The movie follows the story of Tom Joad (played by Henry Fonda) as he returns home from a jail sentence. The story takes place during the great depression in dust bowl farm in Oklahoma. Tom returns home to find that the depression has affected everyone in town. He meets the former preacher Casy (played by John Carradine) who explains to him what has been happening. Casy follows him to his empty home. There they find one of the neighbors who has lived in the abandoned home. The neighbor sheds some light as to what is happening to the town’s belongings. The winds of dust have destroyed the farms. People are not able to plant the farms in the traditional way.

Modern technology is used to farm the land. The company seems to have mortgaged the lands to a bank which is financing the new farming methods. The owners of the land are losing their lands. Joad’s family farm has since been foreclosed by the company and the family has since moved to the uncle’s farm and not for long too. Tom’s mother Ma Joad (played by Jane Darwell) is happy to see her son return and sees that as a good fortune. Tom finds out that his uncle’s farm has also been foreclosured by the company and they have to get off the land by the next day.

The family decides to move to California to look for work. The next morning the grandfather refuses to leave his land. They get him drunk just to carry him off. The family is poor and they all just barely fit on a Truck that contains all their belongings. The family begins the trek to California. The first disaster is the grandfather dies of a stroke. He is buried with a note that he was not killed. Prayer services are briefly done by Casy. As they move from gas station to gas station they begin to find out that California is not the land of milk and honey either. They meet more and more people who tell them the reality of the situation in California. Once they get to California, the grandmother soon dies after they enter the state. They find that the situation is worst than they thought. Work is hard to find, and the wages are very low. Due to the effects of the great depression on the surrounding states everyone is also looking for work.

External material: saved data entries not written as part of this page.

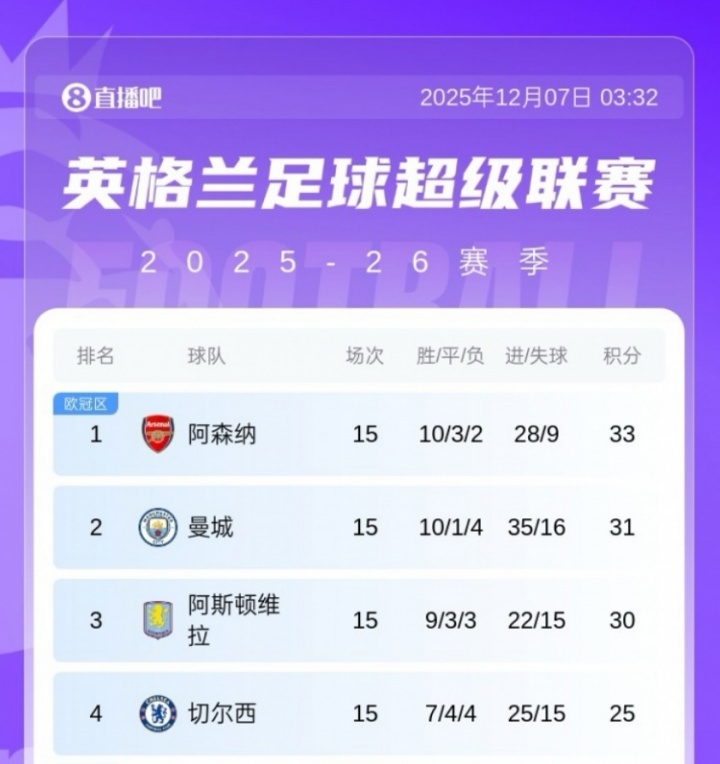 英超第15轮多场战罢,阿斯顿维拉2-1阿森纳,曼城3-0桑德兰,伯恩茅斯0-0切尔西,利兹联主场3-3利物浦。最新积分榜情况出炉。
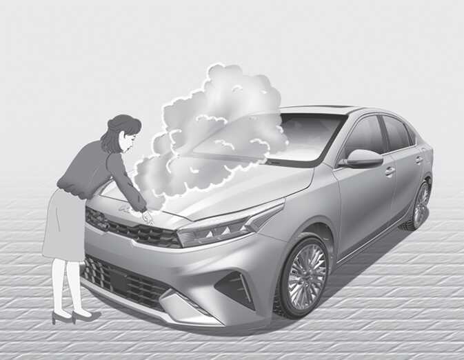 냉각수나 뜨거운 증기가 냉각수 탱크에서 흘러 나오면, 엔진을 멈추고 자사 직영 서비스센터 또는 서비스 협력사에 연락하십시오. 냉각수가 흘러나오지 않으면, 엔진을 계속 돌게 한 상태에서 후드를 열어 엔진 실내에 통풍이 잘되도록 하여 엔진을 식히십시오. 엔진이 회전되면서 수온계가 떨어지지 않으면 엔진을 멈추고 냉각되도록 충분한 시간을 기다리십시오.
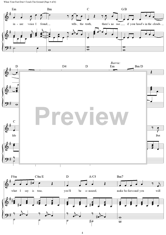 Digital Sheet Music for When Your Feet Don't Touch the Ground by Gary Barlow, Eliot Kennedy scored for Piano/Vocal/Chords; id:457064
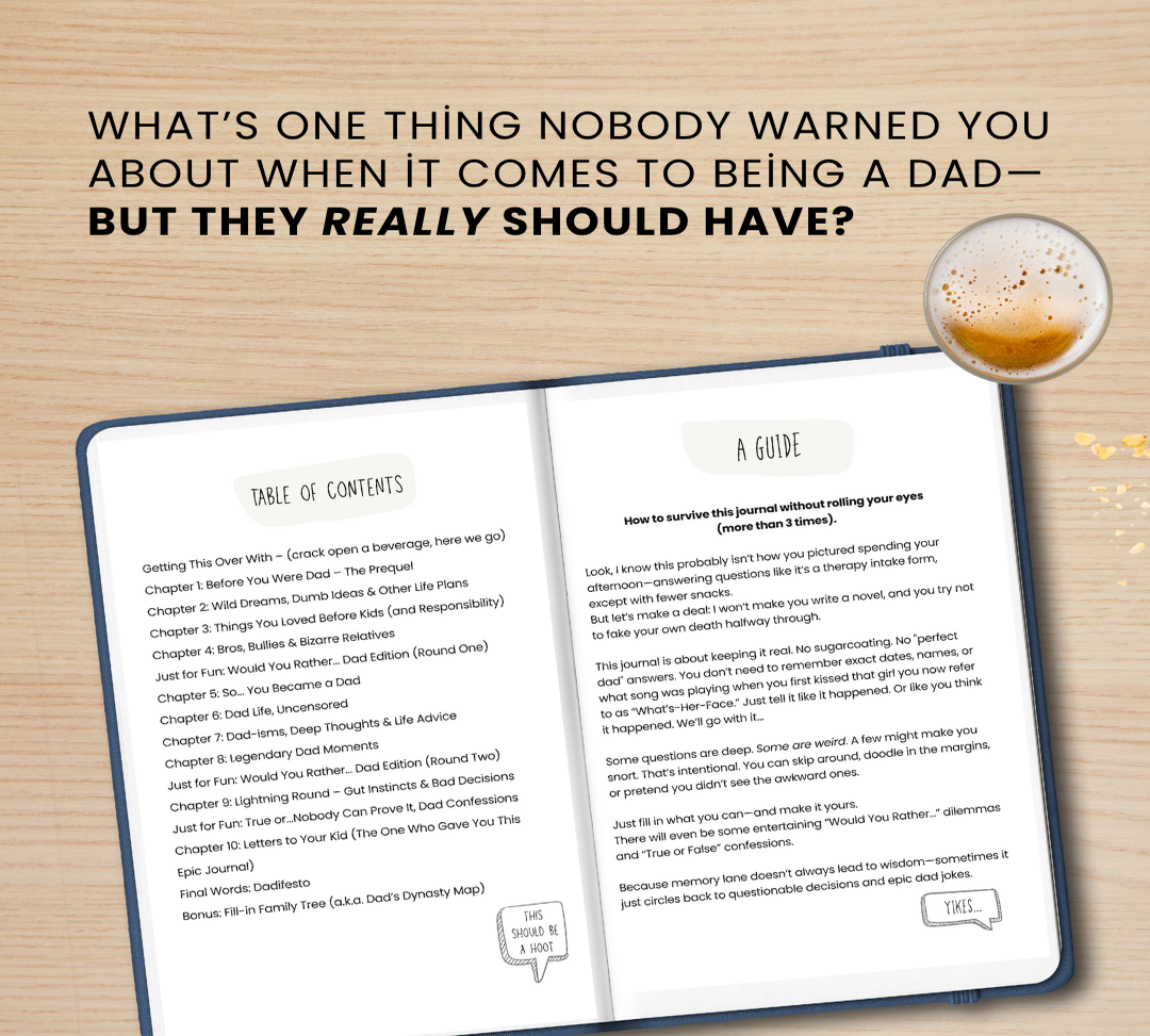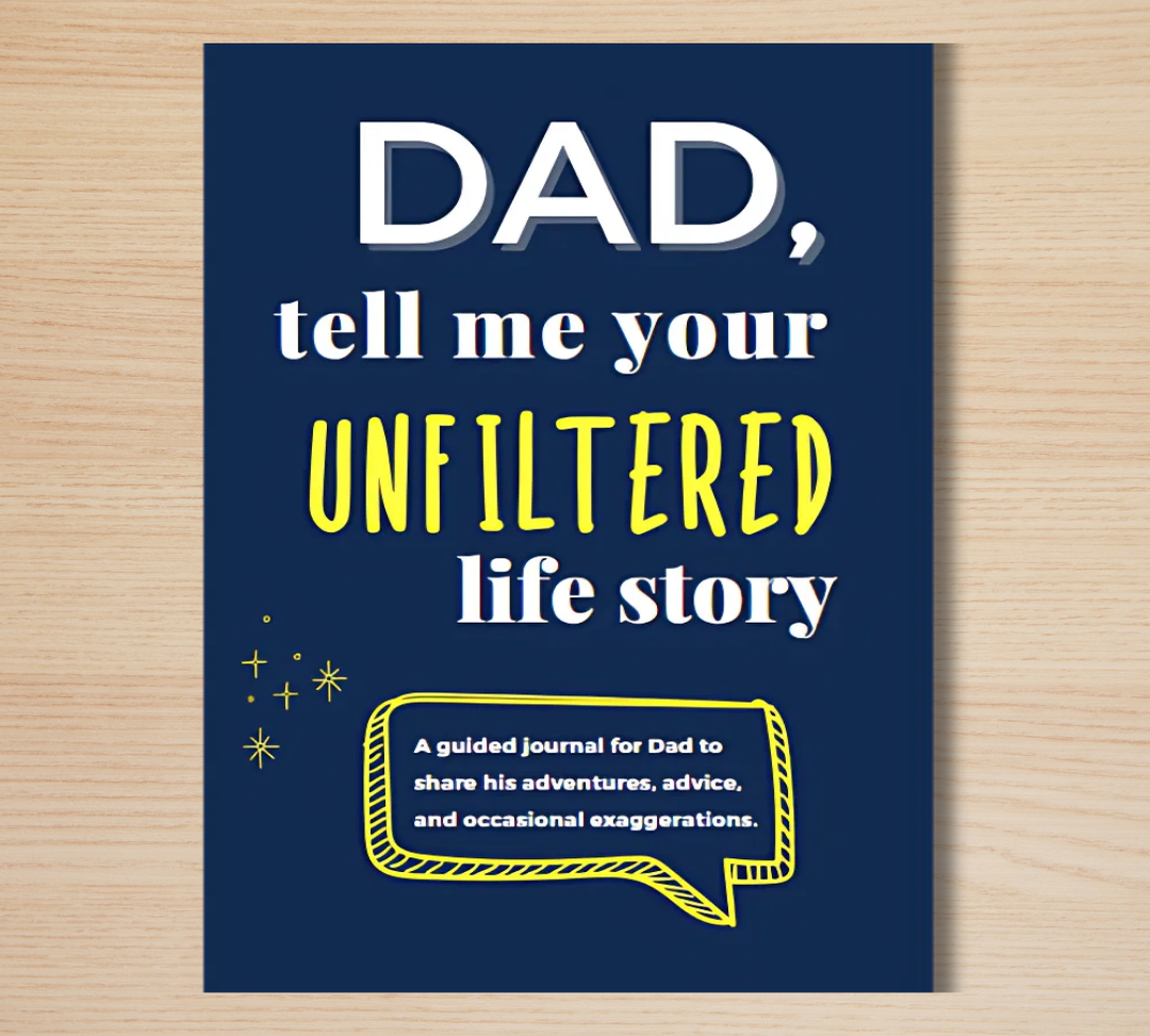 Dad, Tell Me Your UNFILTERED Life Story is a guided journal with 250 laugh-out-loud and unexpectedly heartfelt prompts to help Dad share his real-life stories—no sugarcoating necessary (unless he insists).
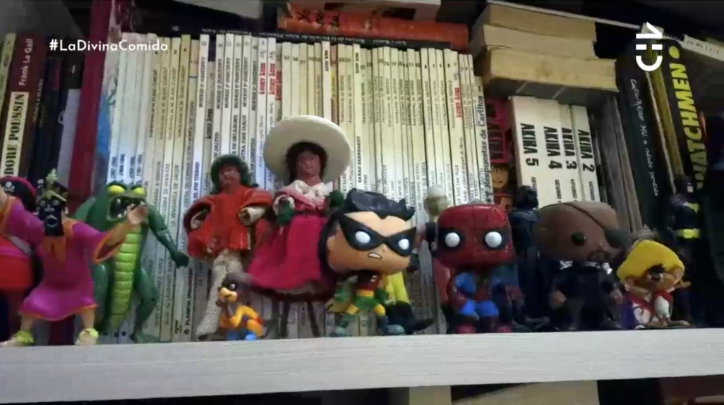 “Es como la casa del cómic”, explicó para seguidamente mostrar una habitación llena de figuritas de acción, historietas y ñoñerías.
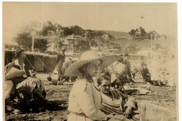 Mujer con sombrero y que mira de perfil, aparece en la fotografía junto a otros veraneantes que disfrutan en un balneario del Litoral Central. De fondo, se aprecian las tiendas del lugar, y más atrás, las construcciones ubicadas en las colinas de esa localidad.
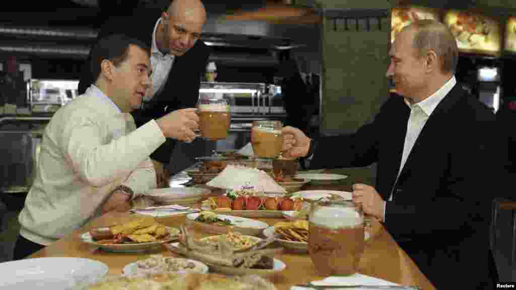 Rusiya prezidenti Vladimir Putinlə Baş nazir Dmitry Medvedev prezident və baş nazir kürsüsünü illərlə bir-birinə ötürüb həm də lətifələrə, tənqidlərə mövzu oldular. Onlar kamera qarşısında da olduqca mehriban görünürlər. Bu ikilinin müxtəlif illərdə çəkilmiş bir-birindən maraqlı fotolarını təqdim edirik.
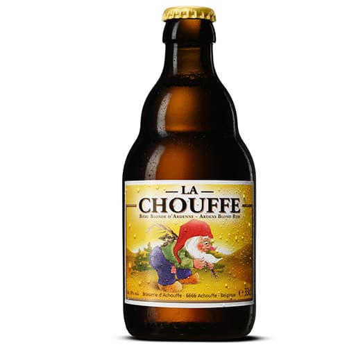 The Elves of the Valley of the Fairies are particularly appreciative of this golden beer. CHOUFFE with its slightly hopped taste fresh coriander notes and fruity accents seems to be the beverage that inspired their joie de vivre. At least what these mischievous beings recount whenever the desire to quench their thirst is felt. From generation to generation they have jealously guarded their secret. Until the day or to seal their friendship with men they Among the legends of this marvelous region of the Belgian Ardennes the history of LA CHOUFFE is the one that deserves to be the most widely shared. 8% ABV
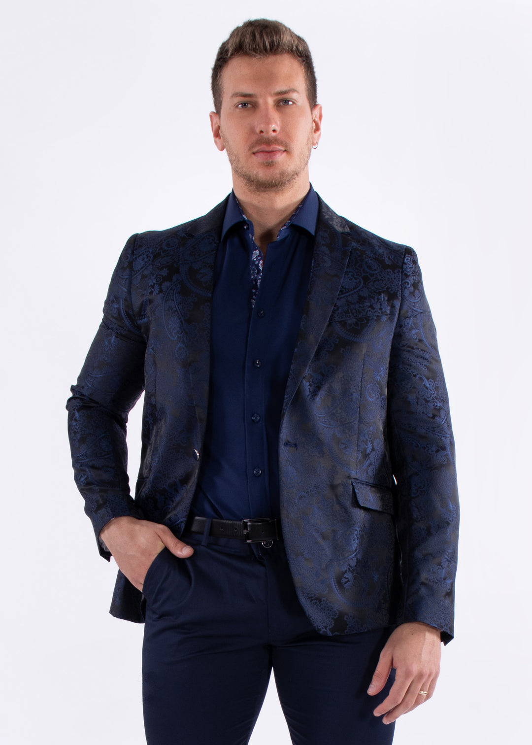 Navy Jacquard Evening Blazer
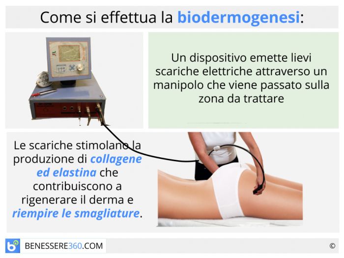 Rispetto alle altre tecniche, la biodermogenesi non interviene sulle striature solo a livello esteriore, pur non usando metodi invasivi; infatti, le cariche emesse dal macchinario agiscono direttamente sull’attività cellulare, stimolando i fibroblasti che incrementano la produzione di collagene ed elastina che riempiono i solchi riportando le strie allo stesso livello della pelle circostante.
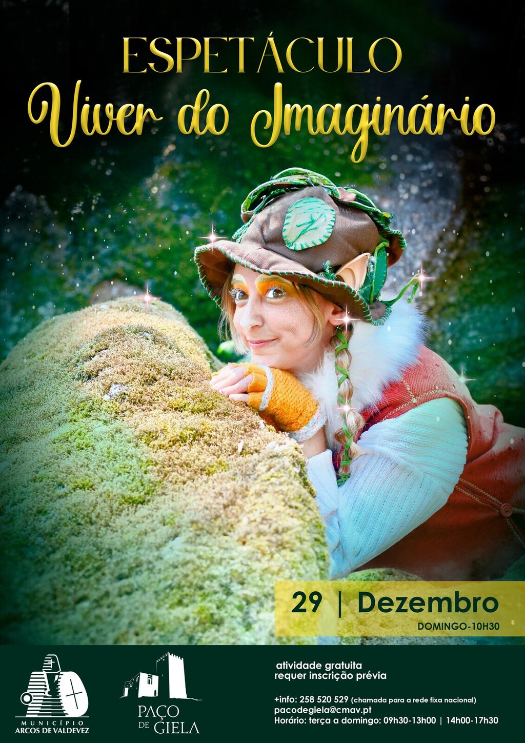 Adicionar a calendário 2024-12-29 10:30:00 2024-12-29 12:30:00 Europe/Lisbon Espectáculo “Viver do Imaginário” Paço de Giela Paço de Giela
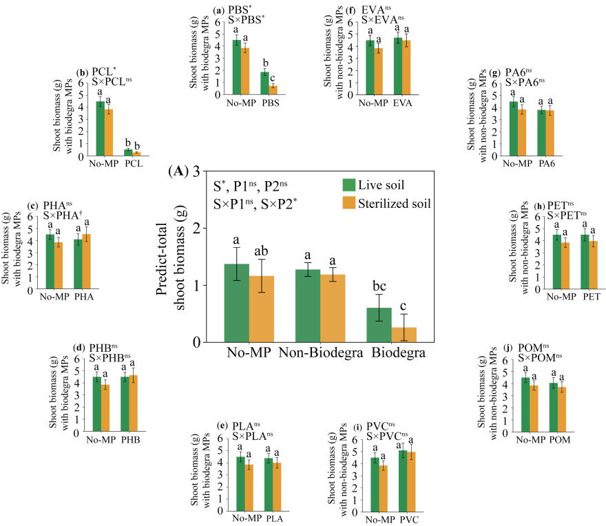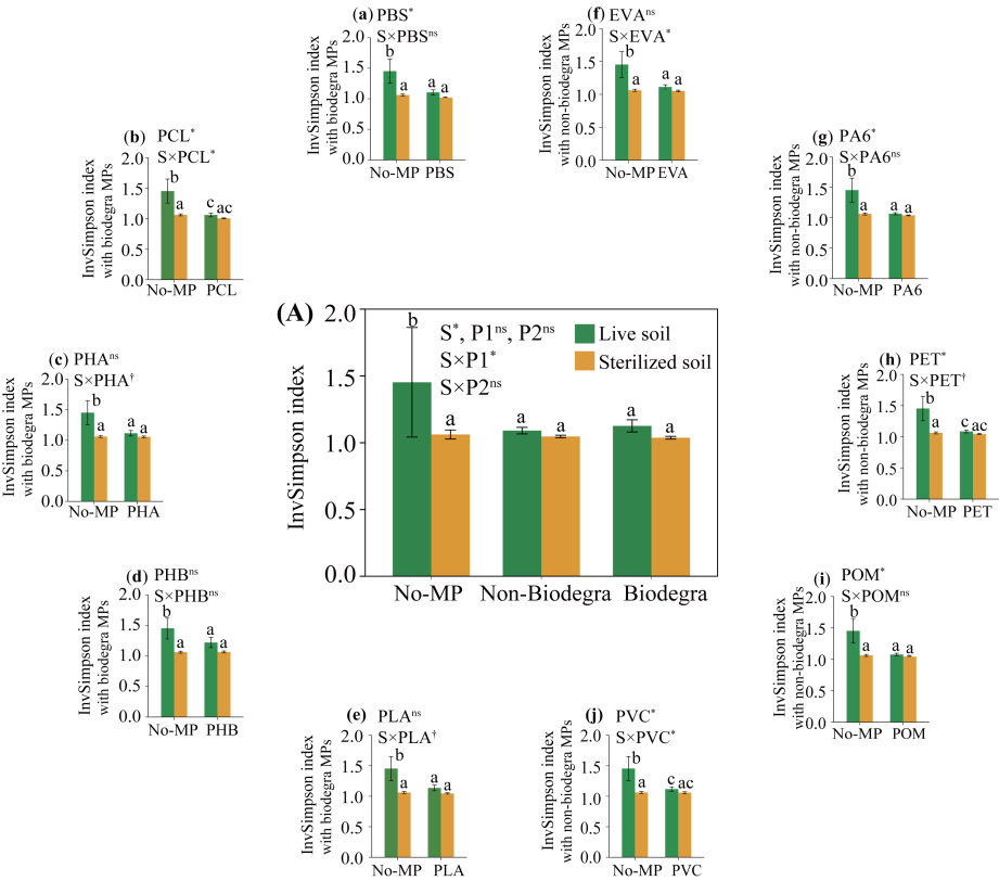 可生物降解塑料雖然被視為替代傳統(tǒng)塑料以緩解土壤塑料污染的綠色替代品,但由于它們可能比傳統(tǒng)塑料更快地分解成微塑料,從而對陸地生態(tài)系統(tǒng),特別是植物生態(tài)系統(tǒng)構(gòu)成額外的威脅。不僅如此,微塑料被認(rèn)為會(huì)破壞植物-土壤生物的相互作用,進(jìn)一步導(dǎo)致植物生長受到影響。然而,現(xiàn)有研究多集中在個(gè)體植物層面,關(guān)于微塑料對植物群落多樣性和生產(chǎn)力方面的潛在影響仍鮮有報(bào)道。因此,微塑料對植物群落造成的生態(tài)后果存在著極大的不確定性。
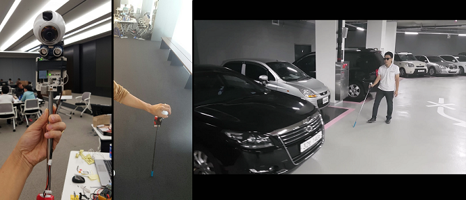 예를 들면, '앞에 자동차가 있다', '앞에 사람들이 지나가고 있다', '앞에 아름다운 꽃이 있다' 등과 같이 앞에 펼쳐진 광경을 최대한 음성으로 자세히 설명할 수 있도록 하였습니다.
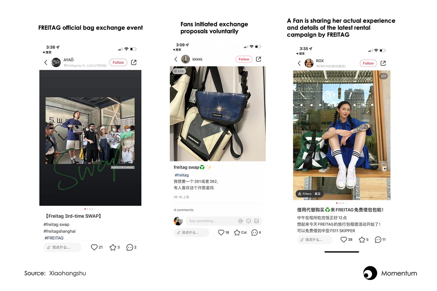 For instance, FREITAG advocated for a circular economy in order to combat overconsumption. Since 2019, they have been urging customers to prioritize usage rights over ownership through initiatives such as leasing and bag exchange campaigns in China. Even during shopping festivals, customers were encouraged to exchange items with each other instead of making more purchases.
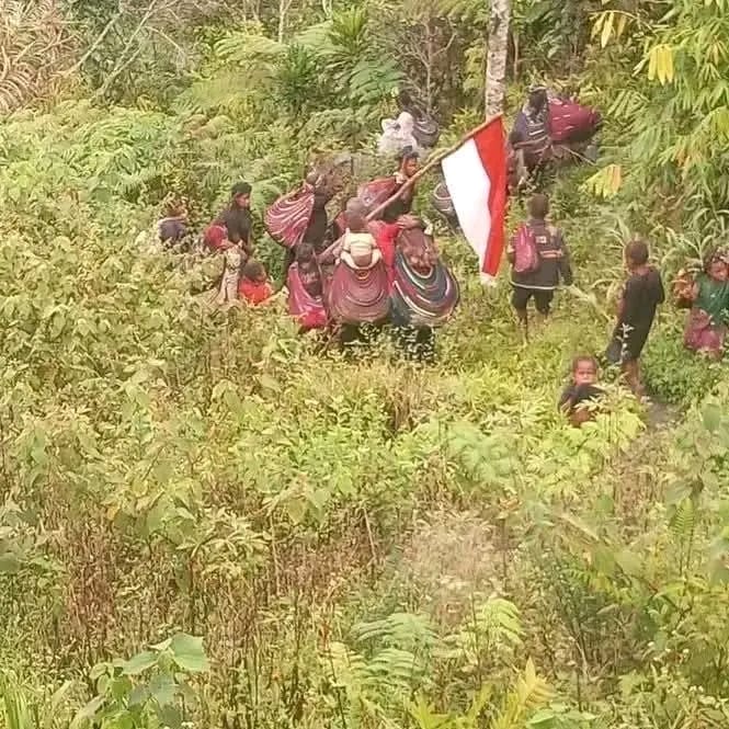 Potret tragis lainnya muncul saat warga mengungsi ke hutan. Para perempuan dan anak-anak membawa bendera merah-putih, bukan untuk merayakan 17 Agustus, tetapi agar tidak ditembak aparat.
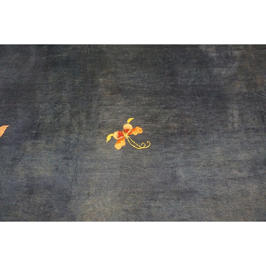 DescriptionChineseCarpets made in China proper. See entries Ningshia, Peking, Art Deco. Chinese - Art DecoAs the name implies, pieces woven between the wars for the Western market by mostly American owned firms especially Nichols and Fette, in thick heavy weaves using strong colors, asymmetric patterns and downplaying the Chinese-ness of the carpet. Nichols rugs are more strong toned than the pastel Fette. Most were woven in the coastal port city of Tientsin. Other lesser known workshops were also active. Some pieces are ultra-geometric and haute-Deco moderne in character: these are very rare. More frequent are pieces with bits of Chinese ornament: vases or other precious objects, paeonies, vines, fences, etc. Most common is the 9 x 12 size, in colors never found in mainstream Chinese rugs: backgrounds in black, mauve, purple, hot pink, orange, olive, employing the best synthetic chrome dyes of the period. Prices are still reasonable and carpets in top condition are available. | |

Through all this the family remains with good hopes and look for a break. They move into one camp where people of similar situation are housed. The local authorities are not too happy about the campers. The labor agents are scrupulous and take advantage of the surplus workers. They try to recruit workers with the aid of local authorities. When a worker tells people of the reality of the labors and tricks of the agent, the agent instructs the police to arrest him. When Tom tries to help the worker get away from the police. The police shoots a women by accident and start after the escaping worker. Tom punches the policeman because he is shooting his gun wildly. Casy also punches the policeman, who is now unconscious. Casey tells Tom to hide because he is on parole and he could go to jail for good. Tom hides and Casey is arrested instead of Tom.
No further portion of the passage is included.